Our main goal was to find a model that actually made use of our hardware, produced solid answers across different use cases, and didn’t choke on longer prompts. It didn’t have to be lightning fast, just usable — something that could serve as a reliable foundation for both experiments and creative work.

We also wanted a model that wasn’t overly constrained — one that could answer directly, without excessive hedging, moralizing, or built-in ego tampering. Something that could be guided toward genuine objectivity through fine-tuning if needed, rather than constantly fighting overly cautious built-in guardrails.

Now, let’s take a look at the models we’ve checked out:

Mixtral-8x22B: When it came out, Mixtral made a big splash — an open Mixture-of-Experts model that brought near-frontier performance into the public domain. It was a natural first stop for us, but a few rounds of inference, a noticeable number of the answers felt off — inconsistent or slightly detached — so we decided to ditch it for the time being.
Hermes models: These models are built on a general-purpose base, but fine-tuned to add more objectivity and friction — aiming for responses that feel more grounded and less performative. It piqued our interest because its main appeal lies in being a bit more direct and blunt than most.
Qwen2.5-72B: A tricky one, coming from China. It has some alternative views on history, but it’s very capable. Even though it has biases, it has a different set of biases than its Western counterparts. So, handled with care, it might come up with insights that other ones won’t be able to show you.
MythoMax-13B: This one is optimized for NSFW content. We’ve tried it out — it does what it advertises — but since our aim for the time being isn’t writing erotica for shady subreddits, we didn’t investigate it further. Still, if someone really wants no filters, this is the way to go.
GPT-OSS-120B: A Mixture-of-Experts model that makes full use of our resources. It performs well across different tasks and feels like the right fit for what we’re trying to do — so this is the one we’re rolling with for now.

Benchmarks

Now that we’ve settled on GPT-OSS-120B, it’s time to see how well our setup actually handles real-world inference.
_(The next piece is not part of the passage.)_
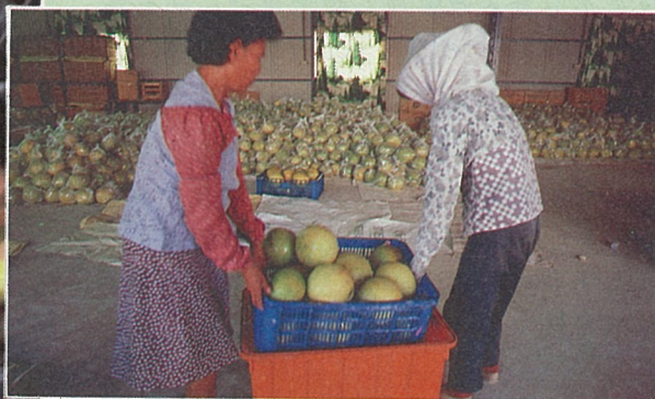
經防腐處理，白柚可長期貯存。

After a certain point, balancing all the factors that go into choosing a model becomes more of an art than a science. You’re always juggling three dials:

Model intelligence (size / precision) — how “smart” and nuanced the answers are.
Speed — how fast until you get your output.
Context length — how much conversation history fits before the model starts forgetting or truncating

And your VRAM budget and FLOP capacity define the constraints these dials live in. (Reality, of course, is a bit more complex — these factors overlap in subtle ways, though they can often be tuned somewhat independently.)

We went with a middle ground: high response quality and medium speed, at the cost of very large context windows. That means you can ask longer, detailed questions, but you should aim for only a few conversational turns before things start to fade.
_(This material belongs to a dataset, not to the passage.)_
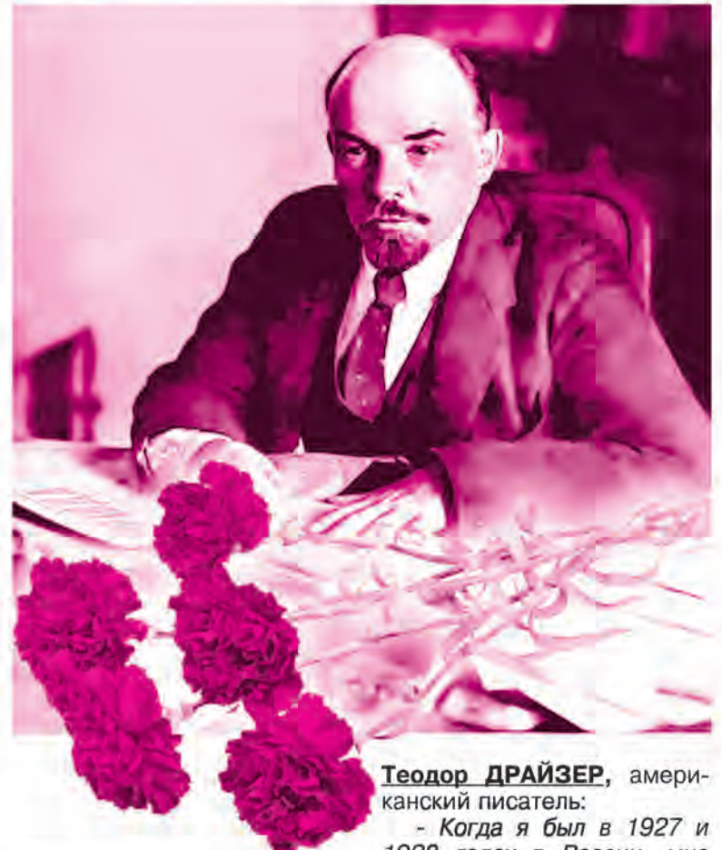
Теодор ДРАЙЗЕР , американский писатель:

Бернард ШОУ , английский драматург: - Если будущее будет таким, каким его предвидел Ленин, тогда мы все можем улыбаться и смотреть в будущее без страха. Однако если эксперимент его будет сорван и кончится неудачей, если мир будет упорствовать в сохранении капиталистического развития, тогда я должен с большой грустью проститься с вами, мои друзья. Я не сомневаюсь, что наступит день, когда в Лондоне будет воздвигнута статуя Ленина рядом со статуей Георга Вашингтона. Могу прибавить,

Designing a truly science-grade benchmark would take weeks, but for our purposes, we just rolled with a few parameter variations and the built-in vLLM benchmarking utility.

First, we looked at how batch size affects throughput. This shows how much work the model can handle at once — larger batches improve parallelization and overall efficiency up to a point, but gains quickly plateau. In our case, performance stabilized around a batch size of 2048, with only marginal improvements beyond that:

Next, we tested how performance scales with the number of CPU threads — with no GPU involvement at all. Throughput increased steadily up to around 16 threads, where each physical core was fully utilized. Beyond that point, performance flattened and then dipped slightly as simultaneous multithreading introduced additional communication and scheduling overhead. Prompt processing barely changed across thread counts — it quickly hit a RAM bandwidth limit, where adding more threads no longer helped because the CPU was already pulling data from memory as fast as possible:

Finally, we looked at how performance changes as more layers are offloaded to the GPU. Throughput improved consistently across the board — both prompt processing and token generation scaled almost linearly with the number of GPU layers. This isn’t surprising, since each additional layer moved more computation onto the much faster GPU. We could offload up to 18 layers before hitting VRAM limits — the maximum our setup could handle:

Qualitative Measures

Benchmarking the semantic quality of responses is a bit trickier, but the answers we got were surprisingly good — and absolutely usable. This shows that you can have a fully self-owned, end-to-end setup with roughly the same level of investment we made. While there are standardized tests for measuring response quality (such as MMLU or MT-Bench), we took a shortcut and used three different types of our own prompts to see how our system responds.

Question 1

Explain why the sky is blue.

A short and deterministic question — essentially a factual recall task with minimal reasoning. It’s a good test of consistency, since the model should converge on roughly the same phrasing and structure every time if it’s stable.

Check out the actual prompt and five sample answers here. The temperature — which controls how random or creative the model’s output is — was set to 0.7, a moderate value that keeps responses focused while still allowing some variation. Note that GPT-OSS also provides a brief summary of its internal reasoning before the final answer. An answer like this is generally computed in a few seconds.

Question 2

A train leaves Alpha City at 3:00 PM traveling toward Beta City at 90 km/h. Another leaves Beta City at 4:00 PM traveling toward Alpha City at 120 km/h. The distance between them is 450 km, and the route is straight with no stops. At what time do they meet, and how far are they from each city when that happens? Explain your reasoning clearly and simply. Do not use equations, explain everything in plain English. Do not use any Markdown, bullet points, asterisks, LaTeX, or special formatting.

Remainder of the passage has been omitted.